FEMA may recognize Sunset Drainage levee
If levee is not recognized, insurance rates will soar
Kyle Barnett - May 23, 2013
In a meeting with Sen. David Vitter and officials from FEMA and the National Flood Insurance Program (NFIP), parish officials were told levees currently not recognized under the newly proposed FEMA flood maps will be reevaluated and may be taken into account when calculating future flood insurance premium rates.
The 2012 FEMA flood map proposed earlier this year would significantly lower base flood elevations for large parts of the West Bank. Parts of the parish encompassing around 9,000 homes would also be considered as flood plains for the first time
Combined with the Biggert-Waters Act that disallows grandfathering of homes and would subject property owners to greatly increased flood insurance rates, the changes have the potential to greatly devalue property. St. Charles Parish Assessor Tab Troxler already said his office has noticed a huge drop off in the local real estate market. If the market does not pick up before late July, Troxler may reassess many of the homes in those areas at 60 percent less than their current value.
The issue at point is locally constructed flood protection barriers, most notably the Sunset Drainage District levee in Des Allemands. The Sunset Drainage levee in particular would not be recognized in the new maps for the first time because it does not meet federal standards and is not accredited by the Corps of Engineers.
St. Charles Parish spokeswoman Renee Simpson said FEMA will be reevaluating their decision to not recognize non-accredited levees.
"It would be FEMA looking at the flood controls in place. They decided because it wasn’t 100 year flood protection, it wasn’t included in the map and now they are basically looking at the map," she said.
Earl Matherne, St. Charles Parish’s coastal zone manager, said NFIP and FEMA’s willingness to consider recognizing existing structures is a positive step.
"That was our best hope. That is what it is made for – to look at levees that weren’t built under Corps standards, but are still there. They obviously do something," he said.
Buddy Boe, St. Charles Parish’s chief administrative officer, said in addition to manmade structures FEMA will also reevaluate naturally occurring land masses and what effect they will have in the case of flooding.
"All elements of a natural landscape and a manmade landscape are taken into account to the degree that they decrease flooding. They are not going to stop it, but they will decrease the amount of flooding in certain areas," he said.
In the post Biggert-Waters flood insurance arena, even a slight raise in a base flood elevation could mean relief for homeowners.
"Every foot below the BFE you are is several thousands of dollars," Boe said. "Reducing that base flood elevation by two to three feet could mean a large savings," Boe said. "Now every inch, every half inch matters completely on whether the community is a ghost town in a few years."
The problem with the current map, according to Boe, is that FEMA did not take into account all elements of the topography when they configured it and instead made a simple calculation of whether communities were protected by Corps of Engineers accredited levees or not.
"They used technology, but didn’t go all the way. They made a standard that if it doesn’t meet it, it doesn’t exist. What they didn’t do was take it to the next level and look at all the data," he said.

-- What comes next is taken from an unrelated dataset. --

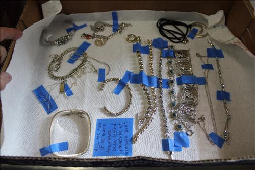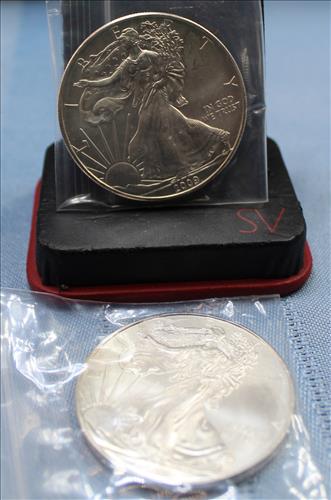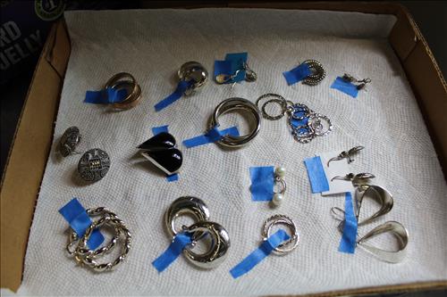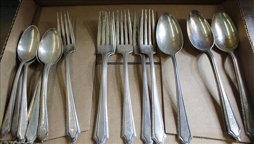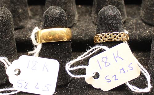 Sterling Silver, Gold, Coins & Jewelry:Aristrocat Railroad Pocket Watch, (2) 18K Gold Rings - Wedding Band & Celtic, (4) 14K Rings - Sapphire, Lazer Cut, Rainbow Stone & Band, (4) 10K Gold Rings - (2) Birthstone, Moonstone & Emerald, 1923 10K Rochester High School Class Ring, 10K & 14K Necklaces, Earrings, Crosses, Pins & Pendants, Sterling Silver: Rings, Bracelets, Earrings, Pendants, Pins, Necklaces, Spoons, Forks, Carving Sets, Pickle Fork, Candle Snuffer, C/S & More; Coined Items: Susan B Anthony & George Washington Quarters Belt, Buffalo Nickel Bracelet & Ike Belt Buckle; Cuff Links, Many Box Lots of Costume Jewelry, (2) 2009 American Silver Rounds, (12) Silver Walking Liberty Half Dollars & More.

While the reevaluation of the proposed flood map is promising, the parish is still a long way from solving all of the area’s problems when it comes to potential flood insurance rate hikes.
"It is definitely a positive step, but it is a multifaceted problem and it is going to take many steps to solve including the West Bank Hurricane Protection Project, the FEMA remapping process and the repeal of Biggert-Waters," Boe said.
Boe said it is also encouraging that other parts of the nation are going to be affected by FEMA’s decision to not recognize locally built structures.
"Upriver, where they have ring levees around communities, they are having similar problems. For instance, a community that is fine with having their fields flooded, but built their own structure around their town that has significantly protected it for 50 years and never flooded," he said.
Parish leaders believe they will be able to garner widespread support in their efforts because so many communities would be affected throughout the country.
"The good thing is that this issue is from sea to shining sea and affects red and blue states and red and blue delegations," Boe said. "We are on our way to raising this issue to where it needs to be to get national support."